The blended net interest margin was also down to 2.42 per cent as compared with 2.66 per cent in the year-ago period.

The other or non-interest income jumped 59 per cent to Rs 2,320 crore for the reporting quarter on the back of improvements across all income lines.

Its Chief Executive and Managing Director A K Das said the bank is targeting the overall credit growth number to come at 6-7 per cent for FY22, looking at the pipeline of the loans that it has, and the margins to improve up to 2.70 per cent.

The gross non-performing assets ratio improved to 12 per cent as against 13.79 per cent in the year-ago period and 13.51 per cent three months ago in June. Das said it is targeting to reduce the gross NPA ratio further to 10 per cent by March 2022.

The bank, which witnessed slippages of over Rs 1,300 crore in the September 2021 quarter, expects the fresh additions to come down to Rs 1,000 crore in each of the two remaining quarters.

It expects better at Rs 9,500 crore in the second half of the fiscal on the recovery and upgrades, which will be a mix of recoveries from various forums including NCLT and also upgrades including through the sale of assets to asset reconstruction companies.

It has direct exposure of Rs 1,025 crore for the entities linked to the SREI Group, while another Rs 970 crore is pooled assets that have been used for on-lending by the troubled non-banking financial company (NBFC). The direct exposure is an NPA and the bank has enhanced provision on the same to 50 per cent during the quarter, he said.

As a result of lower NPAs, its overall provisions were reduced to Rs 897 crore as against 2,047 crore in the year-ago period, helped largely by a massive fall in the money set aside for bad and doubtful assets.
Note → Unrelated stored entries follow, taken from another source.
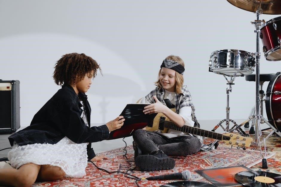 Setting clear, achievable goals is essential for consistent improvement․ Start with short-term objectives, like mastering a basic rhythm or increasing practice time․ Track your progress with a practice log or app to monitor development․ Celebrate milestones to stay motivated and adjust goals as you advance․ Regularly review your progress, identifying strengths and areas for improvement․ Using a metronome can help measure timing accuracy over time․ Record your sessions to hear your growth and refine techniques․ Stay patient and consistent, as drumming is a skill that takes time to master․ By setting realistic expectations and tracking your journey, you’ll stay inspired and committed to becoming a skilled drummer․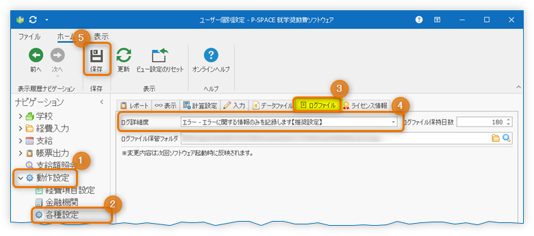 - エラーが発生する前に(今すぐ)「動作設定」「各種設定」「ログファイル」タブの順にクリックし、「ログ詳細度」を「エラー - エラーに関する情報のみを記録します【推奨設定】」にセットし、「保存」ボタンをクリックしてください。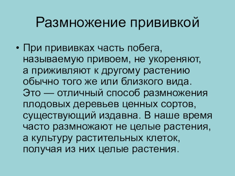 другому растению обычно того же или близкого вида. Это — отличный способ размножения плодовых деревьев ценных сортов, существующий издавна. В наше время часто размножают не целые растения, а культуру растительных клеток, получая из них целые растения.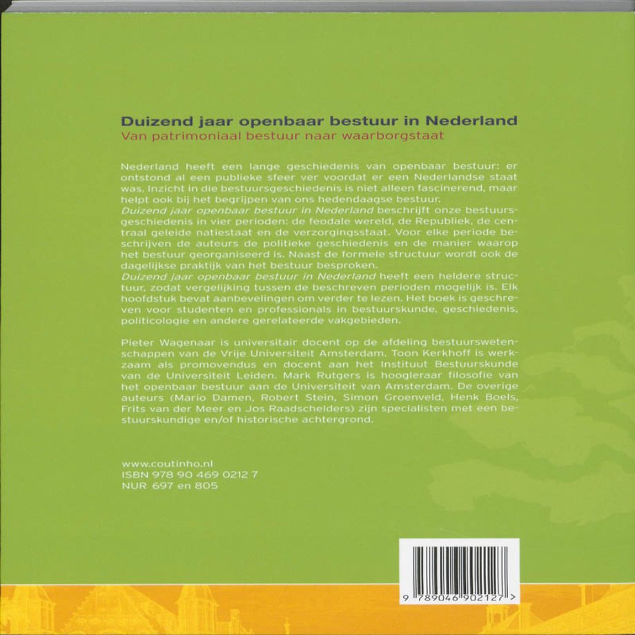 Duizend jaar openbaar bestuur in Nederland beschrijft onze bestuursgeschiedenis in vier perioden: de feodale wereld, de Republiek, de centraal geleide natiestaat en de verzorgingsstaat. Voor elke periode beschrijven de auteurs de politieke geschiedenis en de manier waarop het bestuur georganiseerd is. Naast de formele structuur wordt ook de dagelijkse praktijk van het bestuur besproken.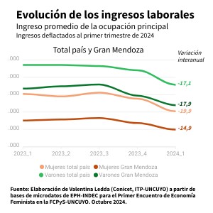 Fuente: Elaboración de Valentina Ledda (Conicet, ITP-UNCUYO) a partir de bases de microdatos de EPH-INDEC para el Primer Encuentro de Economía Feminista en la FCPyS-UNCUYO. Octubre 2024.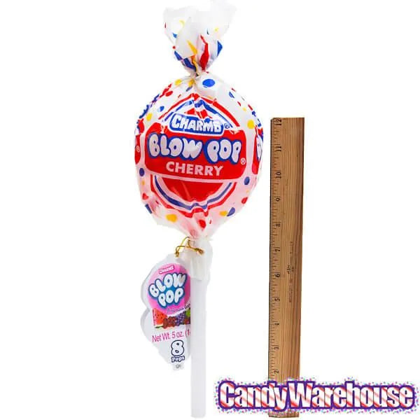 Display box includes 6 Giant Blow Pops Containers, each enclosing 8 regular Blow Pops.
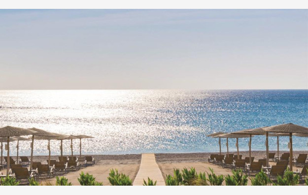 Smešten je na peščano šljunkovitoj plaži dugoj 400 metara, koja je nagrađena plavom zastavicom za čistoću mora i plaže. Ležaljke i suncobrani su besplatni za goste hotela. Postoji mogućnost iznajmljivanja peškira za bazen i plažu-besplatno.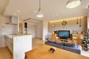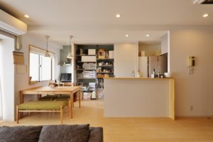 独立キッチンは、明るい性格の奥様には不向きでしたし、お子様も成長されるにつれ必要なものが増え、収納も足りていませんでいた。まずは、収納をたっぷり確保したオープンキッチンはもちろん、和室もリビングに取り込み、4人とわんちゃんがゆったり過ごせるLDKに。個室の収納やご家族共通の収納、それぞれに必要なスペースをとり、生活ゾーンには不要なものが出てこない、スッキリした空間を目指しました。
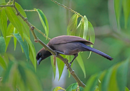 A Purplish Jay Searching in the Forest in Amboro National Park in Bolivia

Das acknowledged that operating profit is still down at Rs 2,678 crore as compared with Rs 2,831 crore in the year-ago period because of the core interest income, and added that the same will improve as the NII (net interest income) improves with loan growth.

He said that in a hardening of yields scenario, the treasury income is also a concern for the bank and hence, it is not expecting higher treasury gains going ahead.

He added that the benchmark 10-year bond yield will stabilise at 6.45 per cent going ahead, limiting the ability to book profits from the sale of investments that contribute significantly to the other income in the reporting quarter.

The bank's overall capital adequacy improved to 17.05 per cent on the back of infusion exercises carried out recently.

The bank scrip gained 3.48 per cent to close at Rs 62.50 apiece on the BSE on Tuesday, compared with a correction of 0.18 per cent on the benchmark.